The news of his passing was conveyed through an Instagram post by his daughter Nayaab. Her message bore the weight of her anguish, “With a very heavy heart, we are saddened to inform you of the sad demise of Padmashri Pankaj Udhas on 26th February 2024 due to a prolonged illness.”

As confidants and colleagues mourned, ghazal singer Talat Aziz also paid his emotional respects through social media. “I knew he was unwell for the past couple of days. He was very serious. I am not aware of the exact cause. However, it is the end of an era with Pankaj passing away. Lots of memories. We started our career together, did a lot of concerts, and spent a lot of time being friends. I couldn’t meet him recently due to his ill health. I pray that his soul rests in peace. It has been shocking for us, especially me and Anup (Jalota),” Talat penned, visibly distraught at the loss of his friend.

Pankaj’s claim to fame soared with the release of his solo ghazal album ‘Aahat’ in 1980, marking the inception of an illustrious journey that was to etch his name in the annals of Indian music. His subsequent albums, ‘Mukarar’ in 1981, ‘Tarrannum’ in 1982, and ‘Mehfil’ in 1983, were met with overwhelming adoration. His Midas touch extended to Bollywood, where he rendered immortal classics like ‘Chitthi Aayi Hai’ (Naam), ‘Chhupana Bhi Nahi Aata’ (Baazigar), ‘Mahiya Teri Kasam’ (Ghayal), and ‘Na Kajre Ki Dhar’ (Mohra), endearing him ever more to his legion of fans.

Pankaj’s contributions to music showered him with numerous accolades, and notably, in 2006, he was awarded the prestigious Padma Shri, one of the highest civilian honors in India, in recognition of his outstanding artistry.
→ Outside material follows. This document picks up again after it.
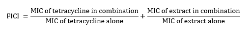 A synergistic interaction between extracts and tetracycline was analyzed using a modest modification of checkerboard broth microdilution method [13]. Two-fold serial dilutions of the plant extracts were carried out along the x-axis, while the y-axis of the microplate allowed for serial dilution of antibiotic. Bacterial suspension was prepared according to the above-described MIC determination method.

As the nightingale of India, Kavita Krishnamurti mourns alongside the nation, the legacy of Pankaj Udhas is immortalized through his melodies. His voice may have hushed, but his songs continue to resonate in the hearts of countless admirers, echoing with a profundity that transcends time, a true testament to a superstar unchanged by fame and loved by all.